A oposição e o Ministério Público tentaram investigar o uso da rádio como fachada para bens pessoais de Aécio, mas os inquéritos não prosperaram.
O argumento dos deputados é que, sendo a rádio propriedade de Aécio, ela não poderia ter recebido verbas públicas, na forma de anúncio publicitário, durante seu governo.
O então procurador-geral da República, Roberto Gurgel, a quem cabia a investigação de quem tem foro privilegiado, como é o caso de senador, arquivou a denúncia feita por deputados de oposição.
Gurgel tomou a decisão pouco antes de deixar o cargo de procurador-geral, em que se destacou pelo rigor na denúncia contra os petistas acusados de envolvimento no mensalão.
Paralelamente, o promotor João Medeiros, da Defesa do Patrimônio Público de Minas, abriu inquérito civil. Mas foi barrado pelo procurador-geral de Justiça do Estado, Alceu José Torres Marques, sob o argumento de que a prerrogativa para investigar o ex-governador era dele, não do promotor.
De nada adiantou o argumento de que o promotor queria investigar o repasse de verbas. Prevaleceu a tese de Alceu e, em suas mãos, a denúncia foi para o arquivo.

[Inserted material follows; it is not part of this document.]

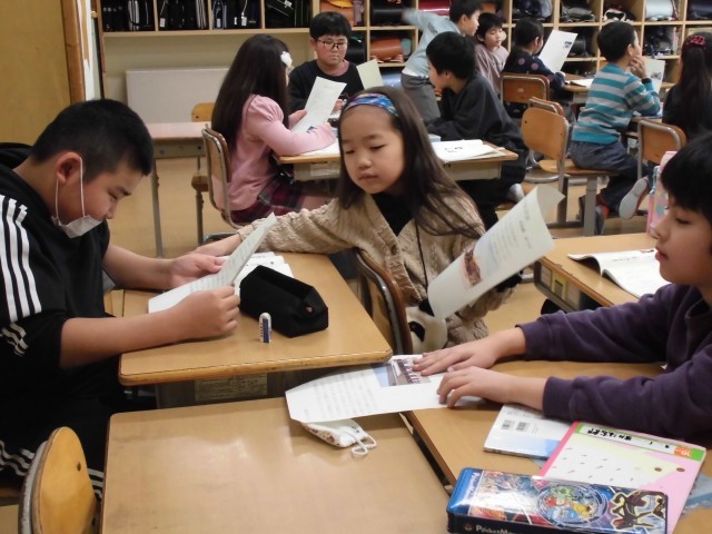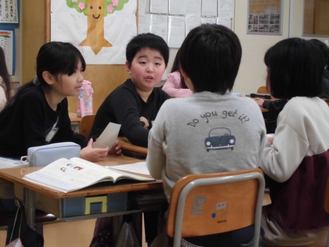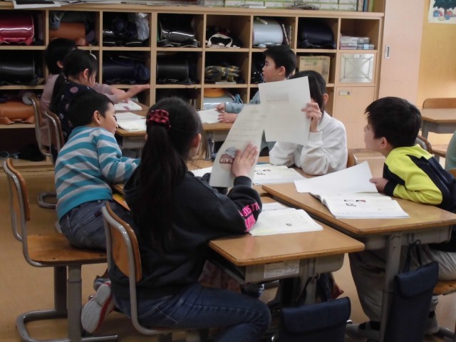 自分の紹介文を、友達と読み合い、感想を伝え合いました。

Depois de deixar a Procuradoria, Alceu foi nomeado secretário estadual do Meio Ambiente, cargo que ocupa atualmente no governo mineiro que Aécio ajudou a eleger.

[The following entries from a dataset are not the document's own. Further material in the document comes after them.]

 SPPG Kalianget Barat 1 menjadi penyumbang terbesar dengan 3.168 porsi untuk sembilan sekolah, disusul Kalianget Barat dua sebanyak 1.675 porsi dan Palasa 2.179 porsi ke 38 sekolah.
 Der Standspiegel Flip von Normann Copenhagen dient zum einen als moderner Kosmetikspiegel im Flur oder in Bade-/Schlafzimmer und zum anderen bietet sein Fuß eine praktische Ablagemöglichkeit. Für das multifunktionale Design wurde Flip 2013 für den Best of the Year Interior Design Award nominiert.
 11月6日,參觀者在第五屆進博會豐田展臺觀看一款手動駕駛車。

No último carnaval, a marchinha eleita pelos ouvintes num concurso promovido pela rádio Inconfidência é uma bem humorada crônica sobre o Helicoca.
Na letra de Alfredo Jackson, Joilson Cachaça e Thiago Dibeto, a marcinha fala de um baile onde deixaram o Pó Royal cair no chão, e “o pó rela no pé” e o “pé rela no pó.”
Na canção, os sambistas perguntam: “Esse pó é de quem estou pensando?” Em seguida, respondem: “Ah, é sim! “Ah, é sim!”. Mas concluem: “Você sabem, eu também sei de cor. Mas não conta que vai ser melhor.”
Para o Carnaval de 2015, tem gente apostando suas fichas num outro tema incômodo para Aécio Neves: o aeroporto que o estado construiu no município de Cláudio, onde o ex-governador tem uma fazenda.
O aeroporto foi construído na fazenda do tio-avô dele, com dinheiro público, durante seu governo. Mas só os amigos podem aterrissar.